**EXTRACTED RECORDS:**
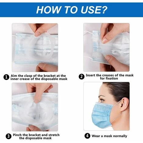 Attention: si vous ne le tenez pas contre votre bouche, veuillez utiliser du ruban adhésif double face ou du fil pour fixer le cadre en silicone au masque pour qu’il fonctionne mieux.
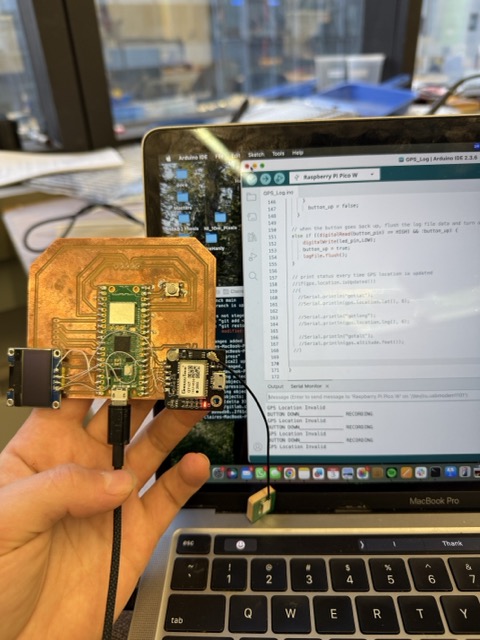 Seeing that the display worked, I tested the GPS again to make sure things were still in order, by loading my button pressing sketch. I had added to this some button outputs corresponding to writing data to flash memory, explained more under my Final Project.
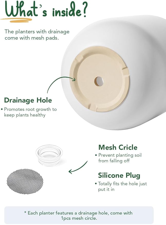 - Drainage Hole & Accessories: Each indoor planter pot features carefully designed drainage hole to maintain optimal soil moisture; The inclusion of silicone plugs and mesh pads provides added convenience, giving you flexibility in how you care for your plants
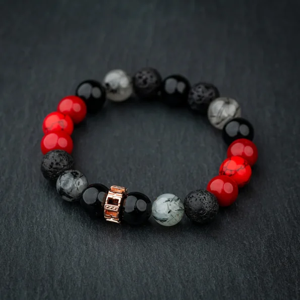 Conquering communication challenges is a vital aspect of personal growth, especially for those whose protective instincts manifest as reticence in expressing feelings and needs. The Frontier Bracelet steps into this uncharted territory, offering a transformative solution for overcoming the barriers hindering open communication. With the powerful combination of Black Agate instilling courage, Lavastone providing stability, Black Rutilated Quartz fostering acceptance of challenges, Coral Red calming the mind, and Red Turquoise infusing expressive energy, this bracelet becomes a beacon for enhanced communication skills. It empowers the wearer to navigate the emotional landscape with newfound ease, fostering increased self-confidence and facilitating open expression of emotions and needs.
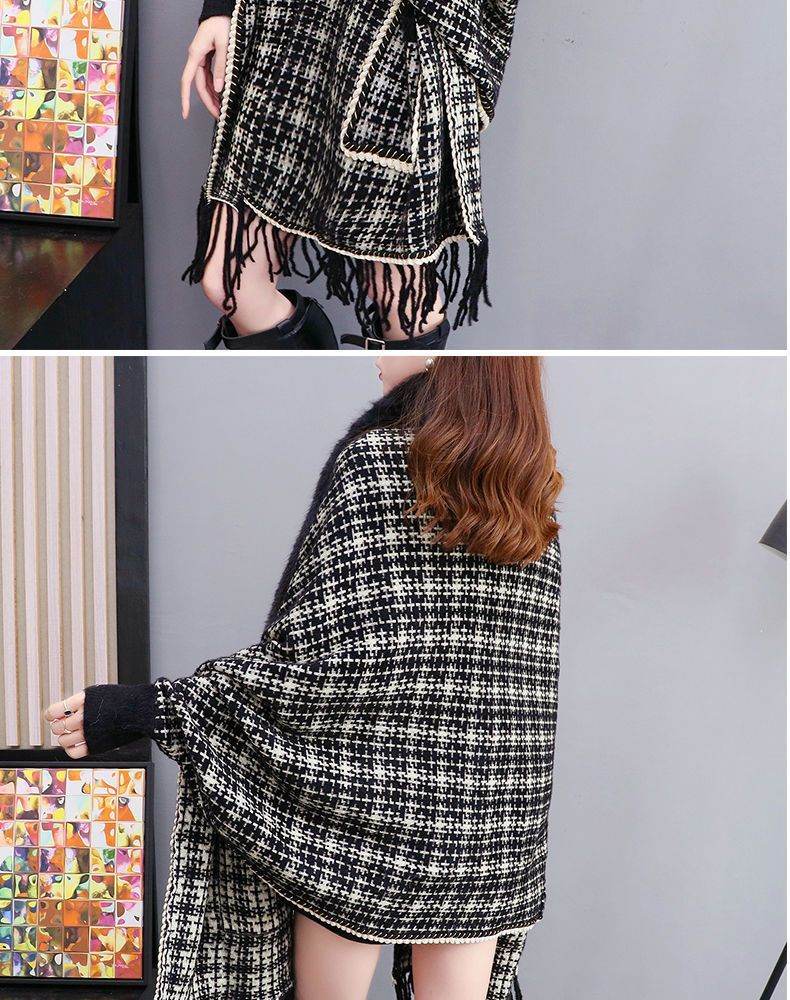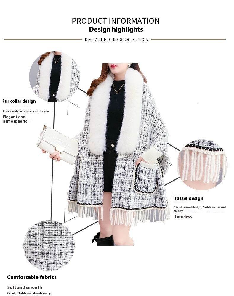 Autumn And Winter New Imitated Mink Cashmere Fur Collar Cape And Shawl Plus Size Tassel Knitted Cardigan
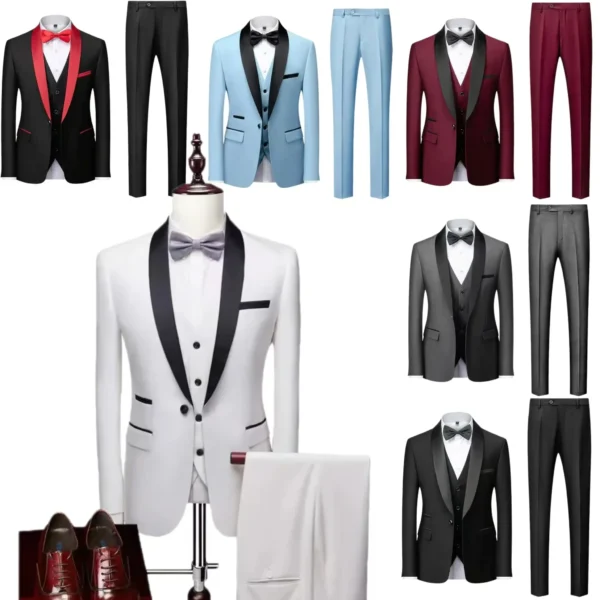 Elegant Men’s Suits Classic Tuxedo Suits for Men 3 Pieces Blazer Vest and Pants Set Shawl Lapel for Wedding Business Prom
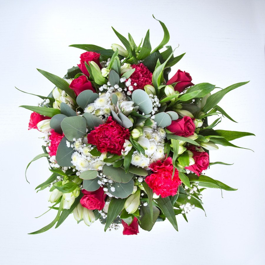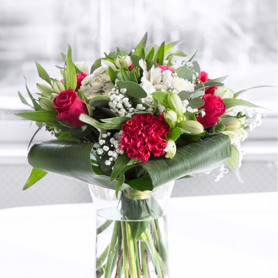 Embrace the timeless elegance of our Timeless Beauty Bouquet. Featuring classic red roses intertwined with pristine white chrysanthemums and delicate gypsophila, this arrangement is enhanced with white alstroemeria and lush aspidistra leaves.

**PROBLEM STATEMENT:** Leave out the pictures and repeat exactly the lines from the first line of the data through the line containing "Seeing that the". Add nothing else.

**TASK RESPONSE:**
 Attention: si vous ne le tenez pas contre votre bouche, veuillez utiliser du ruban adhésif double face ou du fil pour fixer le cadre en silicone au masque pour qu’il fonctionne mieux.
 Seeing that the display worked, I tested the GPS again to make sure things were still in order, by loading my button pressing sketch. I had added to this some button outputs corresponding to writing data to flash memory, explained more under my Final Project.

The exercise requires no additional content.